Filming by Scott Bauer and Chris White, editing by Hannah Anderson.
“It’s definitely different to watching it.”
18-year-old Brock Launders seems a calm sort of human. It’s actually a pretty common trait among surfers from south-west WA — they don’t rattle easily, which is just as well considering the places their surfing can take them. Brock grew up an avid competitor, winning a bunch of age group contests in his home State, but the pro tour dream wasn’t for him. Now he works as a refrigeration mechanic and waits for days like this one at The Right — mid-winter, cold and thick, where with the towing help of mentor Dan Ryan, he rode this ultra-sketchy place for the first time. “I don't know if (Dan) really thought I was being serious, and then I met up with him and told him I was keen, and he was like, Yeah, alright, we'll get you down there,” he tells us in this amazingly chill yet slightly horrifying clip.
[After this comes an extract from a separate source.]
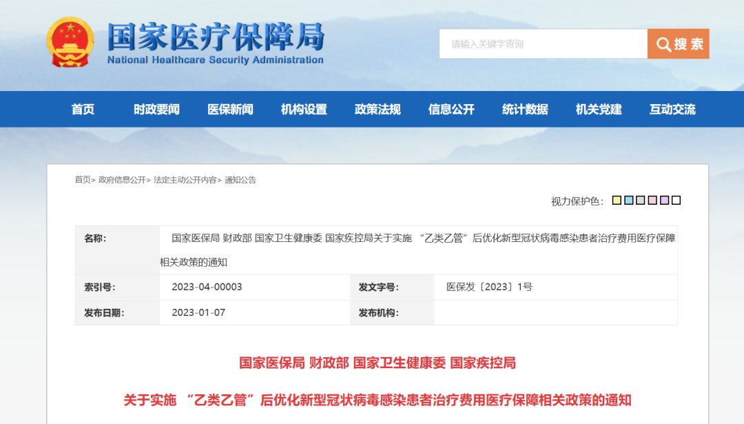 1月7日,國家醫(yī)保局、財(cái)政部、國家衛(wèi)生健康委、國家疾控局四部門聯(lián)合發(fā)布《關(guān)于實(shí)施 “乙類乙管”后優(yōu)化新型冠狀病毒感染患者治療費(fèi)用醫(yī)療保障相關(guān)政策的通知》(以下簡稱《通知》)。

“When I first got there, I was a bit intimidated by it, it was pretty big and probably some of the biggest waves I've seen. It's a bit more chill when you get out the back, ‘cause you can't see how big the waves really are. It feels like it's only 10 feet or something.”
But it isn’t, as Brock quickly found out. “I definitely remember it pretty clearly, getting smoked, and it's a pretty long hold down. I come up to the top and Dan was right there to pick me up and we go to grab the board and it was getting sucked into those rocks and I went to go jump and he's like, Nah, nah, nah, I've been on those rocks before. Don't do it. It's full of barnacles like that big.
“It's a totally different feeling to watching it than to actually doing it for sure. Like, you don’t realise how big it actually is till you're on the wave, and how fast you're going.”